== What is expected ==
The answer should contain only the lines from the beginning of the entries through the line that holds "Gargantilha Casal Coração", given again exactly, with no pictures.

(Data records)
● ● ● ● ●

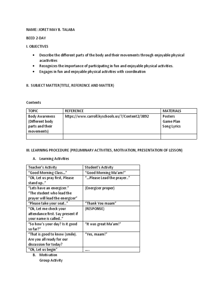 III. LEARNING PROCEDURE (PRELIMINARY ACTIVITIES, MOTIVATION, PRESENTATION OF LESSON)
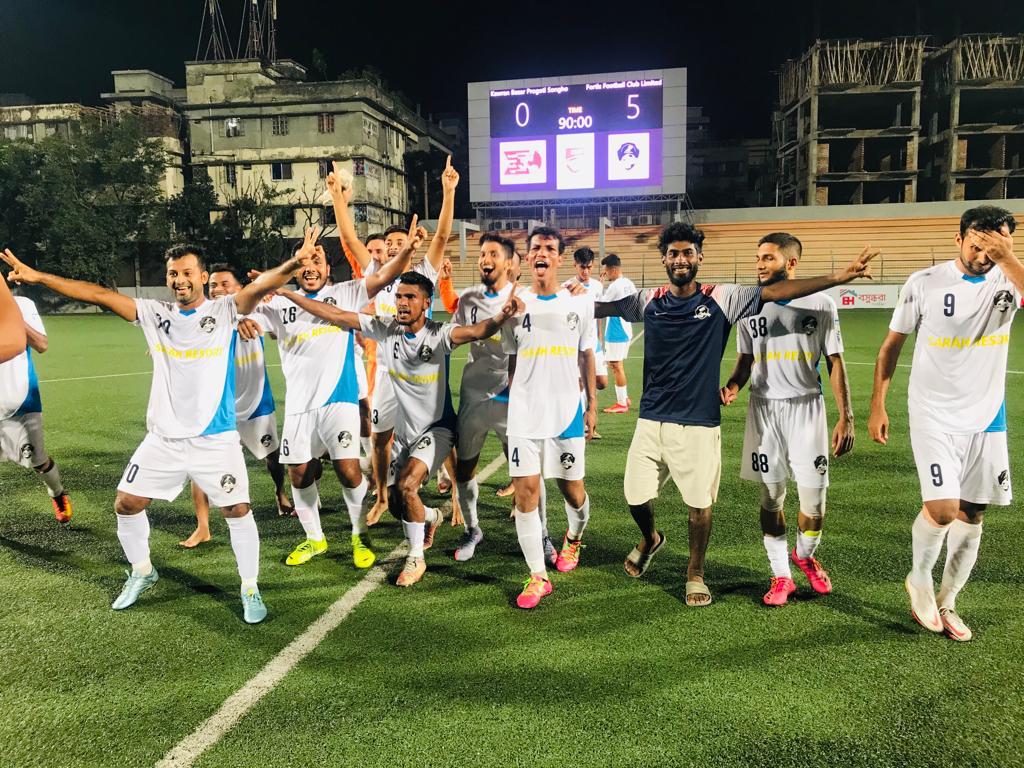 Today's match of 'Bashundhara Group Bangladesh Championship League 2021-22' was held between Kawran Bazar Progoti Songho Vs Fortis Football Club Ltd.. Fortis Football Club Ltd. won the match by 5-0 goal. For Fortis Football Club Ltd., Hasnuzzaman scored the first goal in the 15th minute, the forth goal in the 46th minute and the fifth goal in the 56th minute, Ziku scored the second goal in the 20th minute and Borhan scored the third goal in the 40th minute.
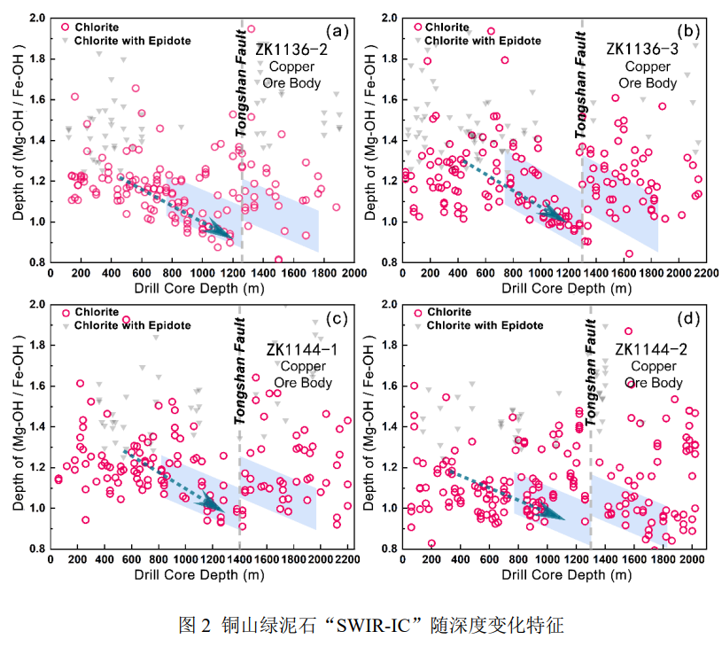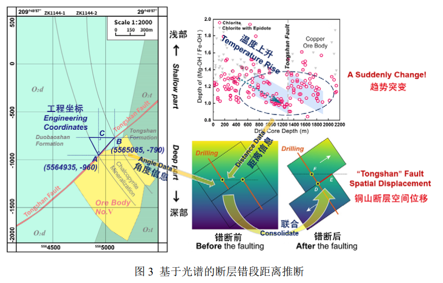 在此基础上,研究团队参考白云母和绿帘石SWIR-IC方案,首次提出绿泥石“SWIR-IC”=Depth(Mg-OH/Fe-OH)参数。我们发现该参数受混入绿帘石比例影响。在排除绿帘石干扰后,绿泥石“SWIR-IC”随深度在断层前后呈现了非常明显的线性下降趋势,并且在断层处发生突变,同时断层前后500米具有类似下降特征(图2)。这很好的反映出温度对绿泥石“SWIR-IC”产生影响。基于上述结果,我们推断铜山铜矿的V号矿体可能发育于斑岩系统中青磐岩化与绢英岩化叠加部位,而热液中心可能位于矿体以下的深部。
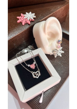 Gargantilha Casal Coração infinito Prata 925Prta 9525 Gargantilha V-15 com 45 cmt Im..
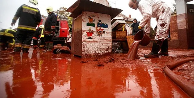Красный шлам - побочный продукт производства алюминия, опасный для окружающей среды и человека, - в его состав входит щелочь. Попадая на кожу, он способен вызвать серьезные ожоги.
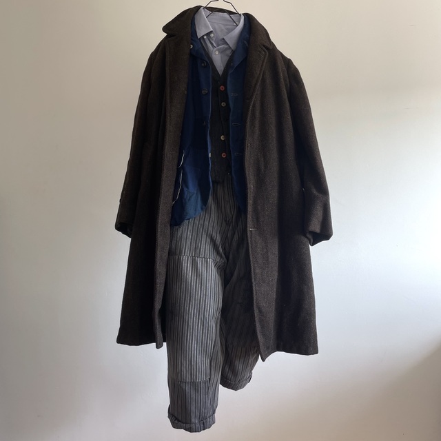Maquignonの衣服に良く使われていた、細いリネン糸で織った生地をインディゴで染めたvilletteと呼ばれる生地。フランスで栽培し、繊維として加工され、糸として紡績され、手動織機で織られたリネン。Maquignonと言う呼び名は、牧畜業(馬や牛の放牧や仲買い人)や家畜・食肉市場に携わった人々のことです。オランダ語のmakelare(仲介や交渉)から派生した名称で、当初は馬のディーラーを指していましたが、やがて馬主や飼育業者までを指す言葉となっていったようです。

● ● ● ● ●

== Response box ==
 III. LEARNING PROCEDURE (PRELIMINARY ACTIVITIES, MOTIVATION, PRESENTATION OF LESSON)
 Today's match of 'Bashundhara Group Bangladesh Championship League 2021-22' was held between Kawran Bazar Progoti Songho Vs Fortis Football Club Ltd.. Fortis Football Club Ltd. won the match by 5-0 goal. For Fortis Football Club Ltd., Hasnuzzaman scored the first goal in the 15th minute, the forth goal in the 46th minute and the fifth goal in the 56th minute, Ziku scored the second goal in the 20th minute and Borhan scored the third goal in the 40th minute.
 在此基础上,研究团队参考白云母和绿帘石SWIR-IC方案,首次提出绿泥石“SWIR-IC”=Depth(Mg-OH/Fe-OH)参数。我们发现该参数受混入绿帘石比例影响。在排除绿帘石干扰后,绿泥石“SWIR-IC”随深度在断层前后呈现了非常明显的线性下降趋势,并且在断层处发生突变,同时断层前后500米具有类似下降特征(图2)。这很好的反映出温度对绿泥石“SWIR-IC”产生影响。基于上述结果,我们推断铜山铜矿的V号矿体可能发育于斑岩系统中青磐岩化与绢英岩化叠加部位,而热液中心可能位于矿体以下的深部。
 Gargantilha Casal Coração infinito Prata 925Prta 9525 Gargantilha V-15 com 45 cmt Im..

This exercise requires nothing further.